PROBLEM REQUIREMENTS >>
Reproduce the whole listing that follows, character for character, and drop the images.

MATERIAL FOR THIS EXERCISE >>
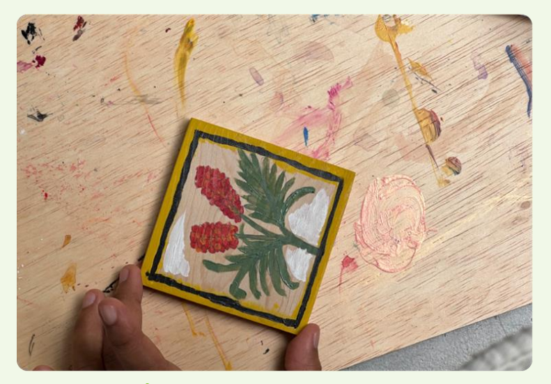
Malaysia | arts and crafts
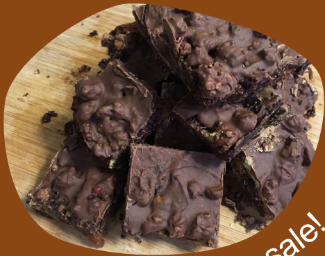
Do a bake sale!
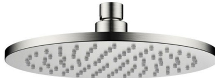
PRB1056N-BN - Brushed Nickel
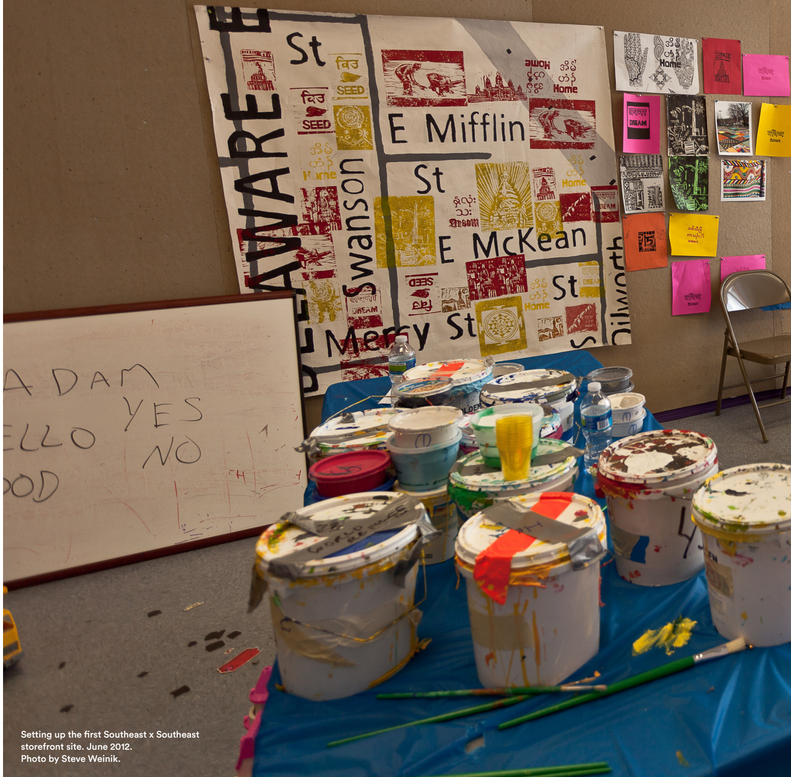
Setting up the first Southeast x Southeast storefront site. June 2012.
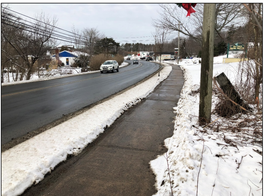
Figure 4: Right of Proposed Access Location
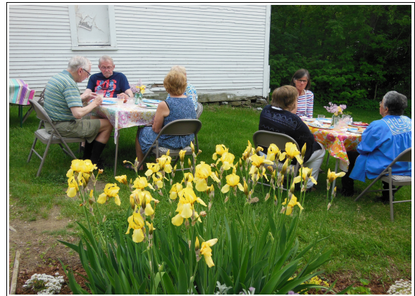
Special thanks to our volunteer gardeners for lovely early summer blooms!

Our Annual Barbecue and Annual Meeting was held on the lovely grounds of our Main Street Building on June 10. Following the meal, we conducted a short business meeting and discussed ideas for upcoming programs.
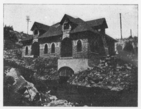
The Power House, Bracebridge.

The town corporation owns a magnificent water power, operating its own water and electric systems,
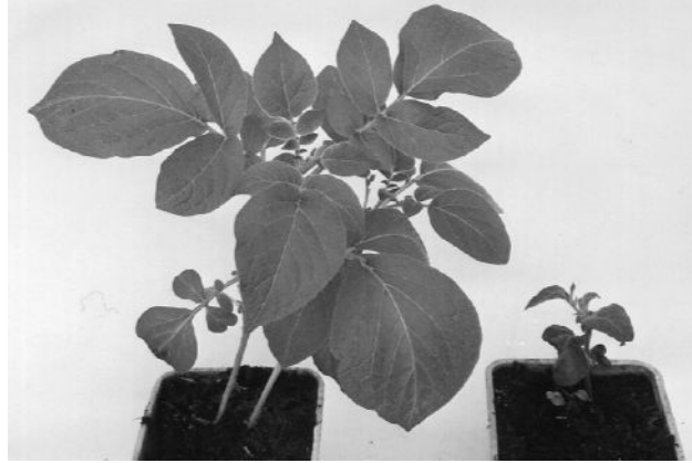
Fig. 4 The healthy potato plant (left) and the plant grown from the tuber showing necroses (right). This type of symptoms is characteristic for the hypersensitive reaction of plant to PVM

candidate cultivar and 28 advanced breeding clones were tested in 2000 in official trials (Table 4).
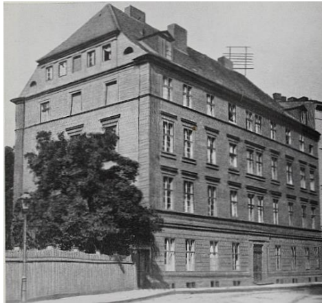
Photograph 4: The Breslau Rabbinical Seminary building in 1904

Following seven years of study, students took oral and written exams in order to receive התרת הוראה ( battarat hora'ah , i.e. ordination certificate). 23 The future rabbis were required to prove their skill as halachic decisors in practical areas such as marriage and divorce, the laws of כשרות ( kašrut ) and שחיטה ( šehitah ) and marital laws.
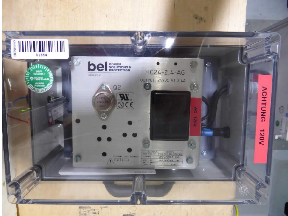
Power adapter bel HC24-2.4
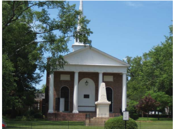
BETHESDA PRESBYTERIAN CHURCH, c. 1822

National Register listings can be achieved for larger historic districts that contain broader areas of multiple historic properties that have collective significance, for individual properties that meet the criteria, and for landmark sites that represent historical significance at a level greater than local and regional interest. The property must be significant under one or more of four criteria: 1) associated with events that have made a significant contribution to the broad patterns of our history; 2) associated with the lives of significant persons in our past; 3) embodies the distinctive characteristics of a type, period, or method of construction, or that represent the work of a master, or that possess high artistic values, or that represent a significant and distinguishable entity whose components may lack individual distinction; or 4) yields, or may be likely to yield, information important to prehistory or history. Historic districts can be designated to protect larger areas of historic properties and landscapes from adverse impacts of development. National Register criteria for historic districts require that the majority of the components comprising a district’s historic character have integrity even though they may be individually undistinguished. There are three historic districts in the City (Table 6-1 and Map 6-1).
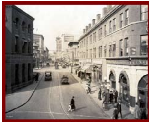
Haywood Street at Patton Avenue in 1925

RESULT >>
Malaysia | arts and crafts
Do a bake sale!
PRB1056N-BN - Brushed Nickel
Setting up the first Southeast x Southeast storefront site. June 2012.
Figure 4: Right of Proposed Access Location
Special thanks to our volunteer gardeners for lovely early summer blooms!

Our Annual Barbecue and Annual Meeting was held on the lovely grounds of our Main Street Building on June 10. Following the meal, we conducted a short business meeting and discussed ideas for upcoming programs.
The Power House, Bracebridge.

The town corporation owns a magnificent water power, operating its own water and electric systems,
Fig. 4 The healthy potato plant (left) and the plant grown from the tuber showing necroses (right). This type of symptoms is characteristic for the hypersensitive reaction of plant to PVM

candidate cultivar and 28 advanced breeding clones were tested in 2000 in official trials (Table 4).
Photograph 4: The Breslau Rabbinical Seminary building in 1904

Following seven years of study, students took oral and written exams in order to receive התרת הוראה ( battarat hora'ah , i.e. ordination certificate). 23 The future rabbis were required to prove their skill as halachic decisors in practical areas such as marriage and divorce, the laws of כשרות ( kašrut ) and שחיטה ( šehitah ) and marital laws.
Power adapter bel HC24-2.4
BETHESDA PRESBYTERIAN CHURCH, c. 1822

National Register listings can be achieved for larger historic districts that contain broader areas of multiple historic properties that have collective significance, for individual properties that meet the criteria, and for landmark sites that represent historical significance at a level greater than local and regional interest. The property must be significant under one or more of four criteria: 1) associated with events that have made a significant contribution to the broad patterns of our history; 2) associated with the lives of significant persons in our past; 3) embodies the distinctive characteristics of a type, period, or method of construction, or that represent the work of a master, or that possess high artistic values, or that represent a significant and distinguishable entity whose components may lack individual distinction; or 4) yields, or may be likely to yield, information important to prehistory or history. Historic districts can be designated to protect larger areas of historic properties and landscapes from adverse impacts of development. National Register criteria for historic districts require that the majority of the components comprising a district’s historic character have integrity even though they may be individually undistinguished. There are three historic districts in the City (Table 6-1 and Map 6-1).
Haywood Street at Patton Avenue in 1925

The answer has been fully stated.